Pictures stay out; everything else from the first line of the entries down through the line with "为促进教师科研能力和科研素养" gets copied exactly.

> Supplied records:
╔══

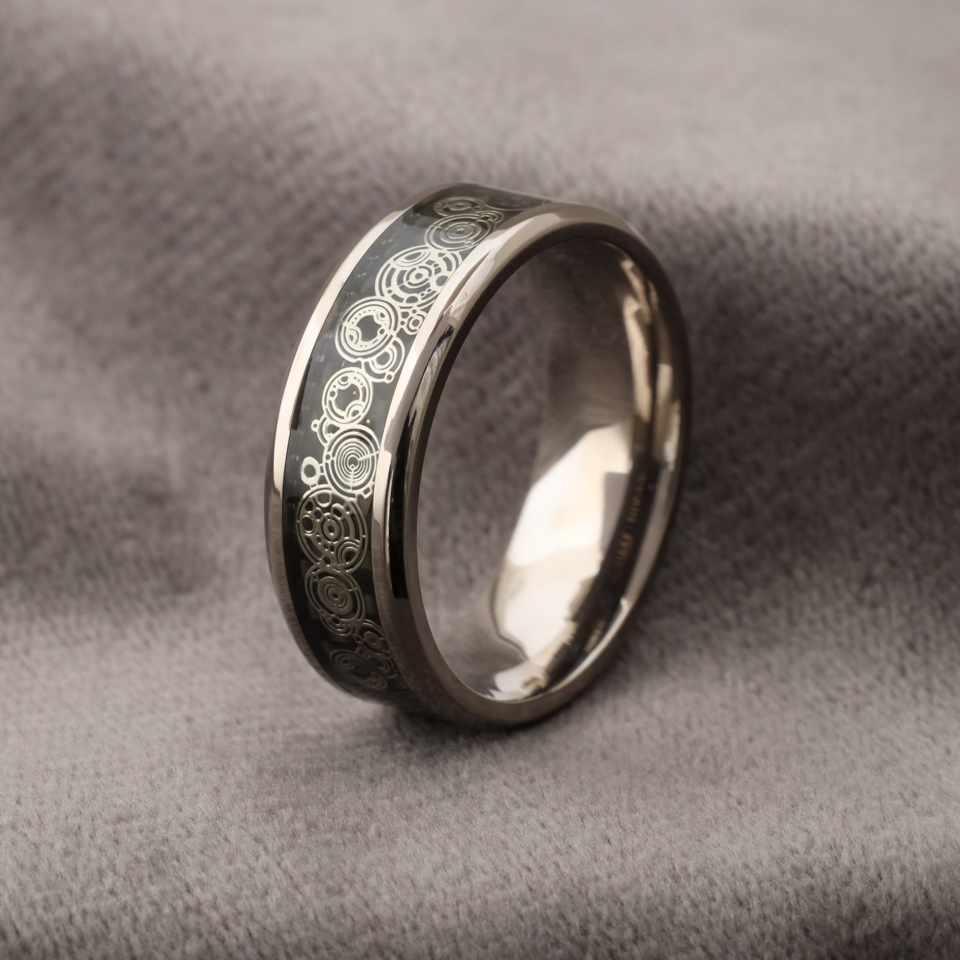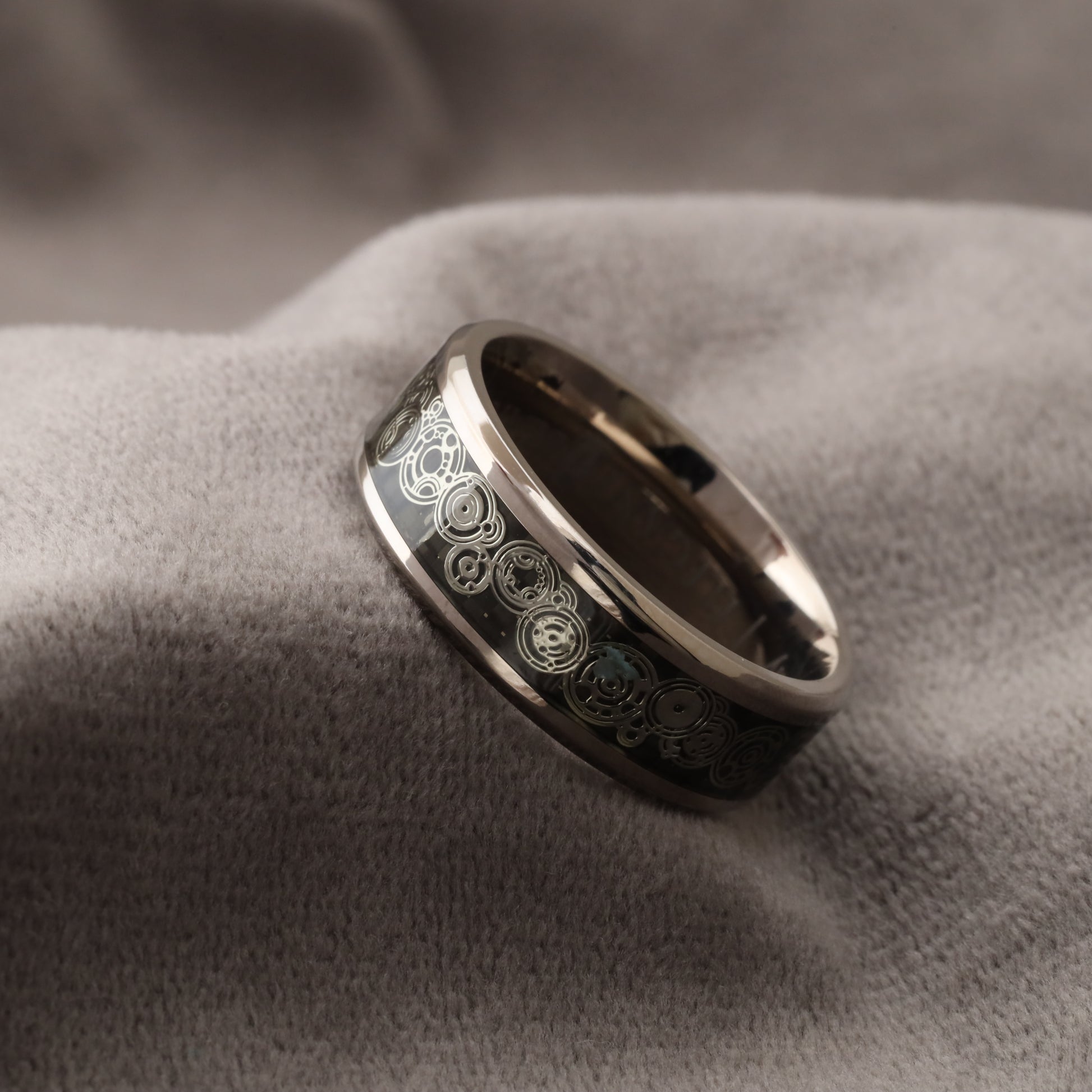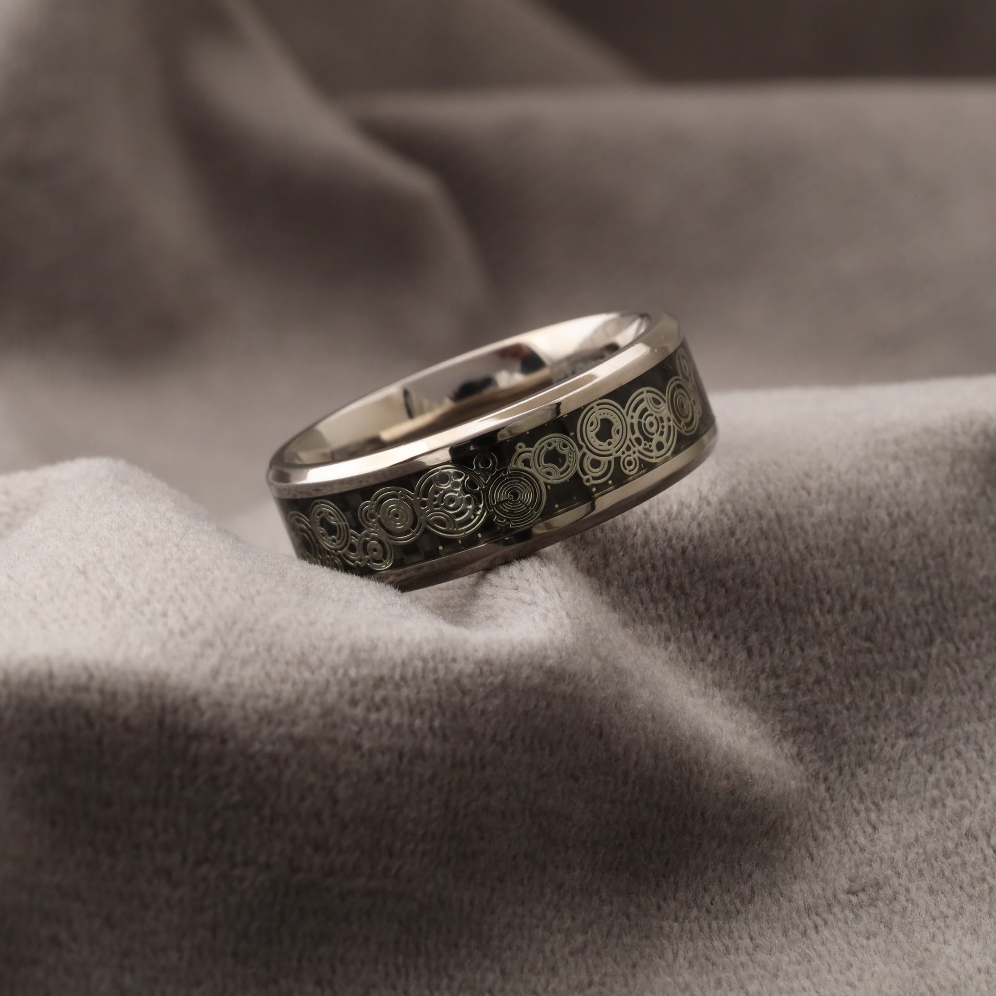 A premium silver titanium ring with an 8mm width, featuring a unique Steampunk design with intricate concentric circles in the center, inlaid with black carbon fiber that adds a modern and bold touch.
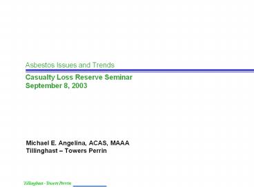 initiative for these types of exposures. - Prior to rejoining Tillinghast in January 2000,
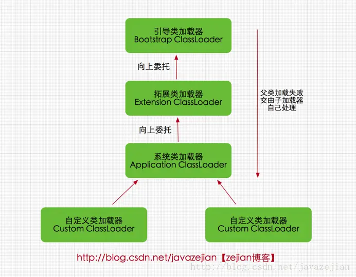 在Java的日常应用程序开发中,类的加载几乎是由上述3种类加载器相互配合执行的,在必要时,我们还可以自定义类加载器,需要注意的是,Java虚拟机对class文件采用的是按需加载的方式,也就是说当需要使用该类时才会将它的class文件加载到内存生成class对象,而且加载某个类的class文件时,Java虚拟机采用的是双亲委派模式即把请求交由父类处理,它一种任务委派模式,下面我们进一步了解它。
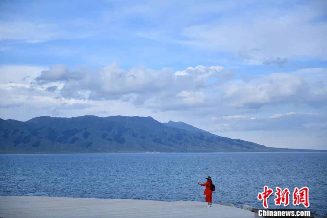 位于天山山脈的新疆賽里木湖景區(qū)內(nèi),湛藍的湖水與天一色,同遠處山峰相映成畫。張興龍 攝
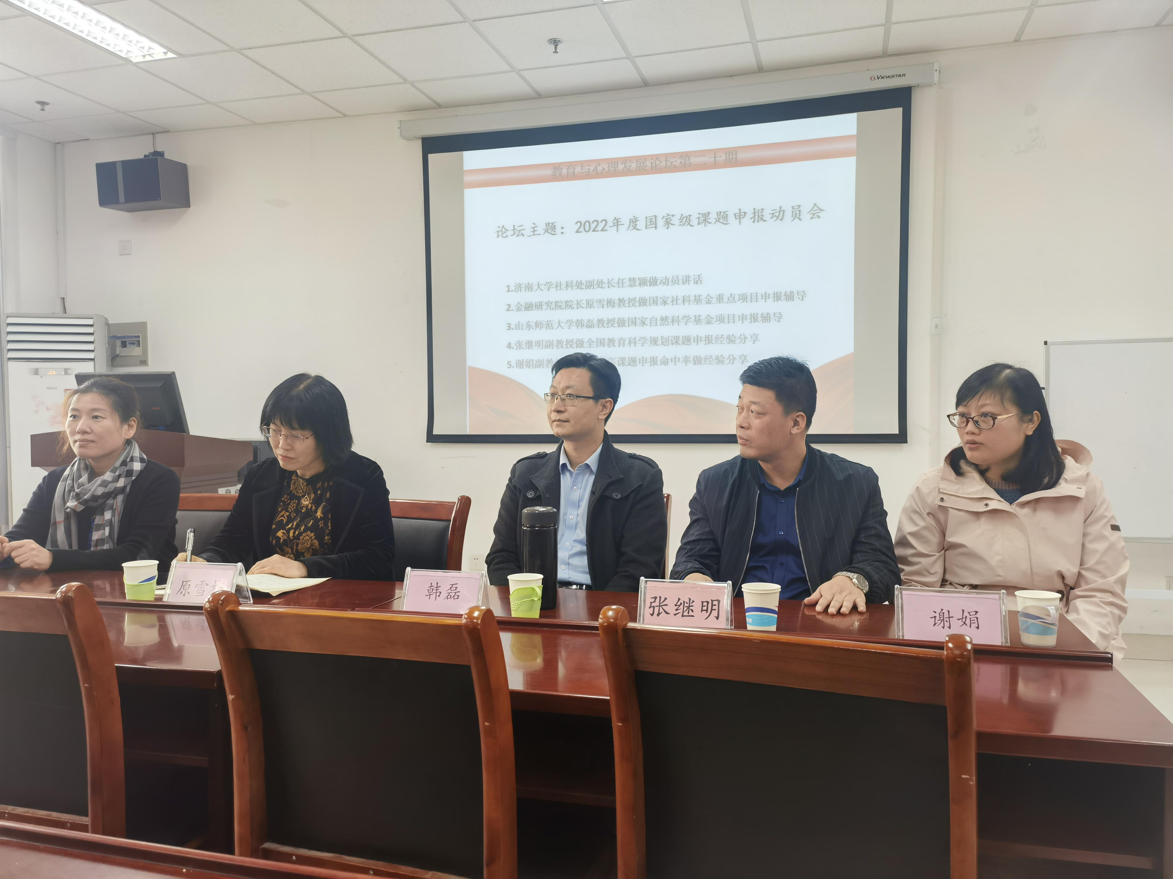 为促进教师科研能力和科研素养的提升,加强教师之间科研信息的沟通和交流,推进学院科研工作再上新台阶,10月19日,教育与心理科学学院开展第20期教育与心理发展论坛。论坛由陈功香副院长主持。中国·太阳集团tyc9728商学院原雪梅教授、山东师范大学韩磊教授、社科处副处长任慧颖、高等教育研究院张继明副教授和教心学院谢娟副教授分享了自己的课题申报经验,教育与心理科学学院和高等教育研究院的教师参加了该论坛。
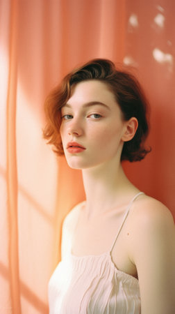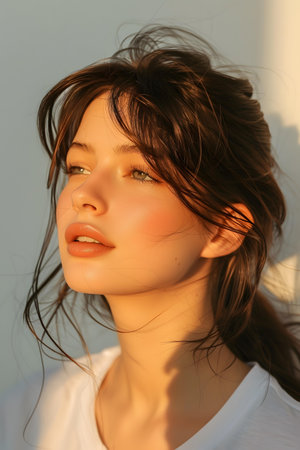 A serene young woman with short dark hair and natural makeup, illuminated by soft sunlight, casting beautiful shadows on her face, embodying calmness and beauty
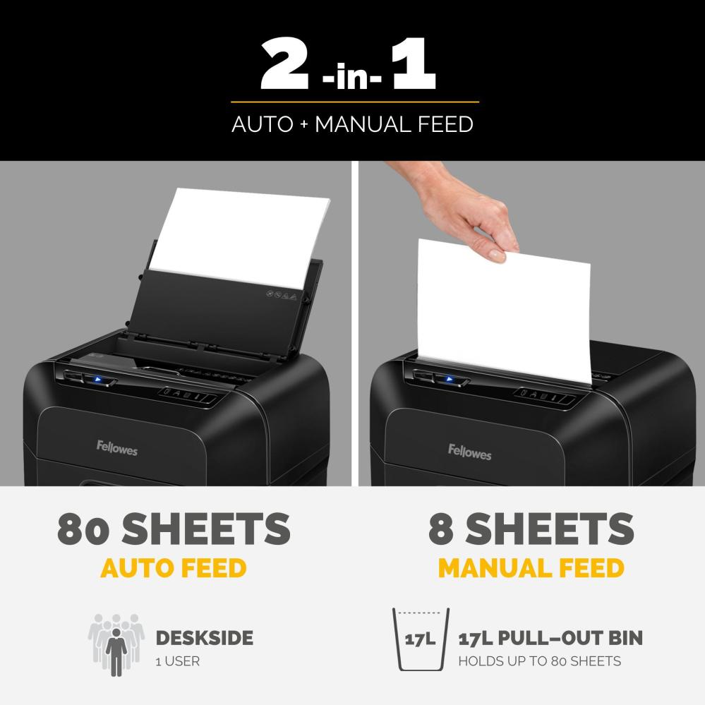 Fellowes Automax 80M är en hybrid dokumentförstörare med både automatisk och manuell funktion. Har 4 hjul - varav två är låsbara. Passar ett mindre eller mellanstort kontor. Skär upp till 80 ark automatiskt eller 8 ark manuellt i 4x12mm bitar (P-4). Klarar även häftklammer, gem och kreditkort (manuel inmatning).
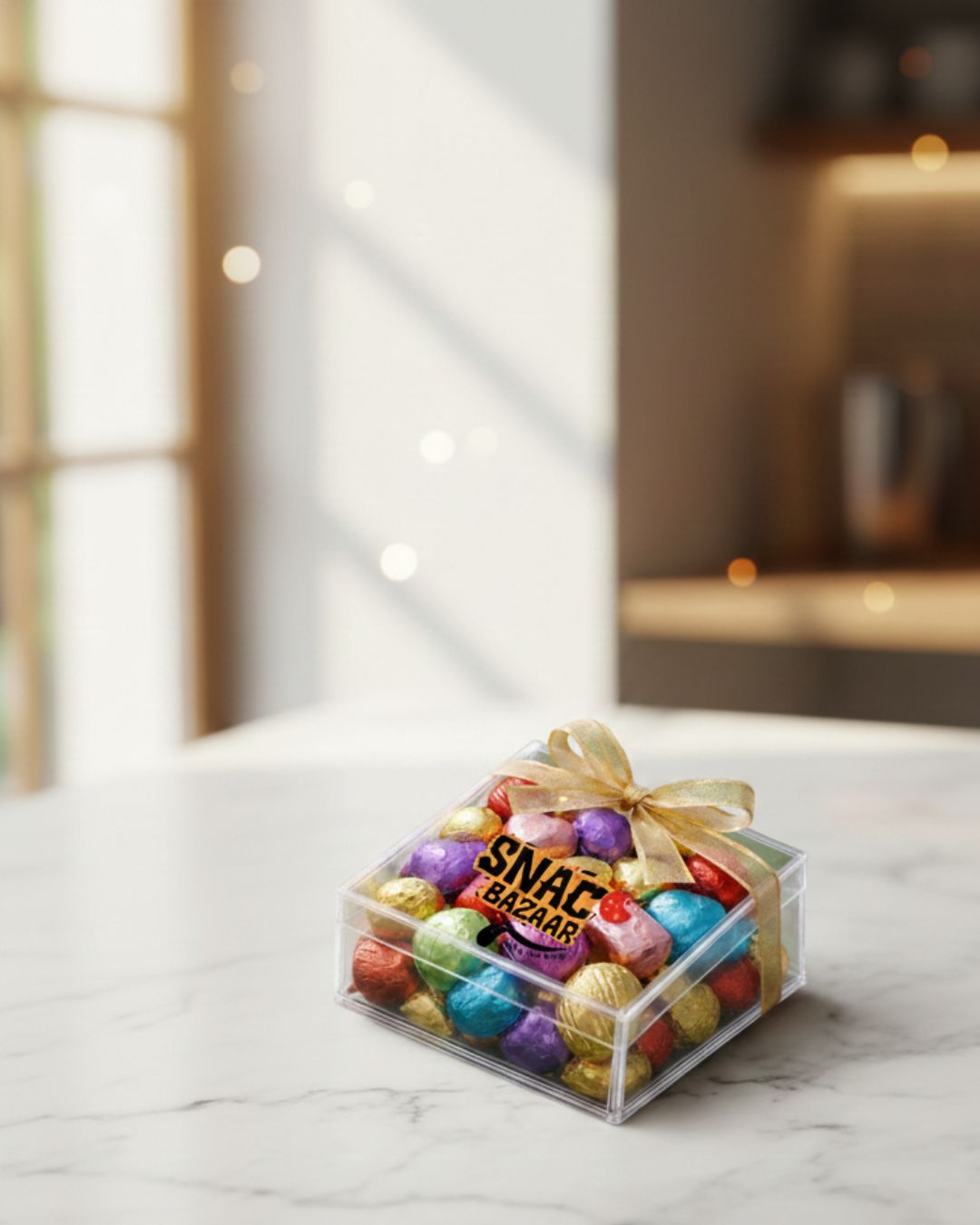 Premium Gifting: Elegantly packaged in a clear, square boutique box and finished with a signature gold ribbon.
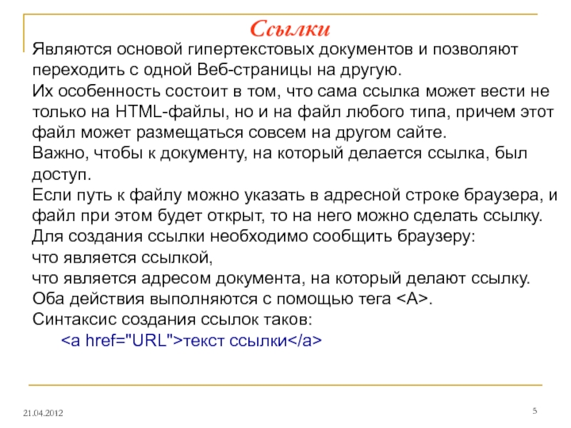может вести не только на HTML-файлы, но и на файл любого типа, причем этот файл может размещаться совсем на другом сайте.
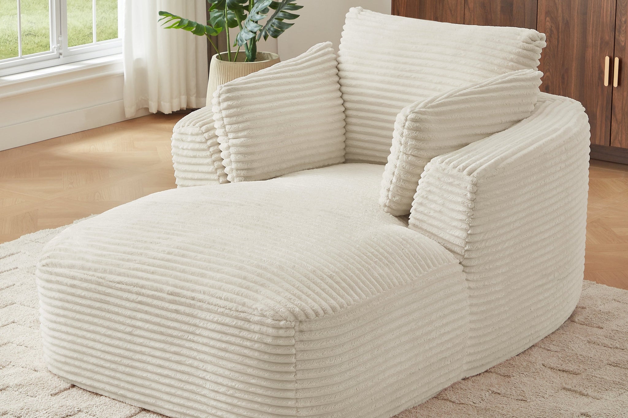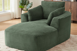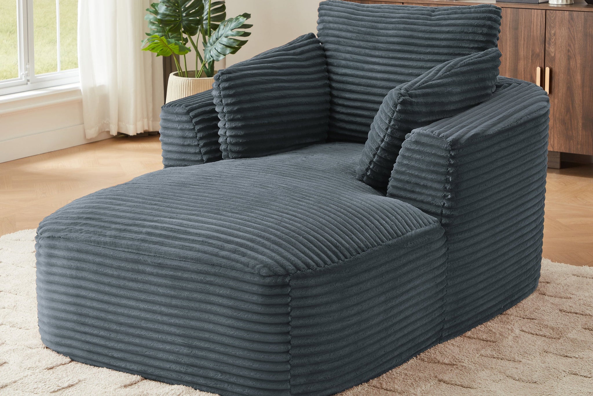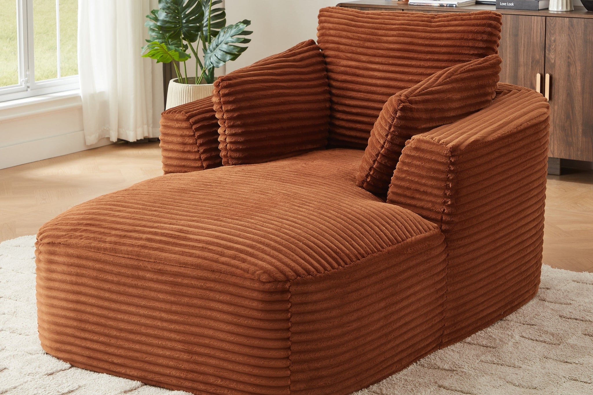 The chair features soft corduroy fabric and a spring cushion, providing plush comfort and excellent support for extended relaxation.
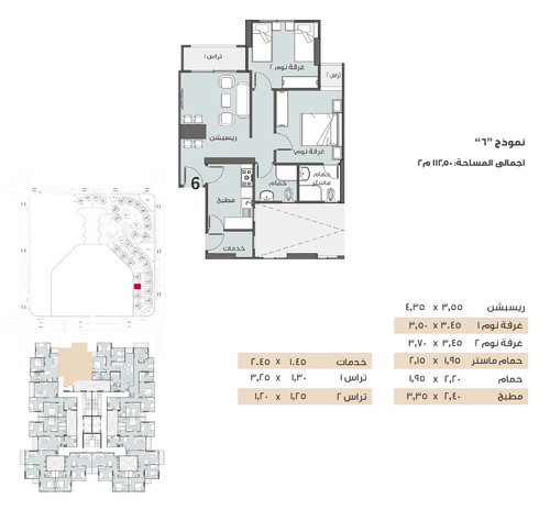 نموذج 6 العمارة 42 المساحة 112.5 متر .

╚══

> Answer to this task:
 A premium silver titanium ring with an 8mm width, featuring a unique Steampunk design with intricate concentric circles in the center, inlaid with black carbon fiber that adds a modern and bold touch.
 initiative for these types of exposures. - Prior to rejoining Tillinghast in January 2000,
 在Java的日常应用程序开发中,类的加载几乎是由上述3种类加载器相互配合执行的,在必要时,我们还可以自定义类加载器,需要注意的是,Java虚拟机对class文件采用的是按需加载的方式,也就是说当需要使用该类时才会将它的class文件加载到内存生成class对象,而且加载某个类的class文件时,Java虚拟机采用的是双亲委派模式即把请求交由父类处理,它一种任务委派模式,下面我们进一步了解它。
 位于天山山脈的新疆賽里木湖景區(qū)內(nèi),湛藍的湖水與天一色,同遠處山峰相映成畫。張興龍 攝
 为促进教师科研能力和科研素养的提升,加强教师之间科研信息的沟通和交流,推进学院科研工作再上新台阶,10月19日,教育与心理科学学院开展第20期教育与心理发展论坛。论坛由陈功香副院长主持。中国·太阳集团tyc9728商学院原雪梅教授、山东师范大学韩磊教授、社科处副处长任慧颖、高等教育研究院张继明副教授和教心学院谢娟副教授分享了自己的课题申报经验,教育与心理科学学院和高等教育研究院的教师参加了该论坛。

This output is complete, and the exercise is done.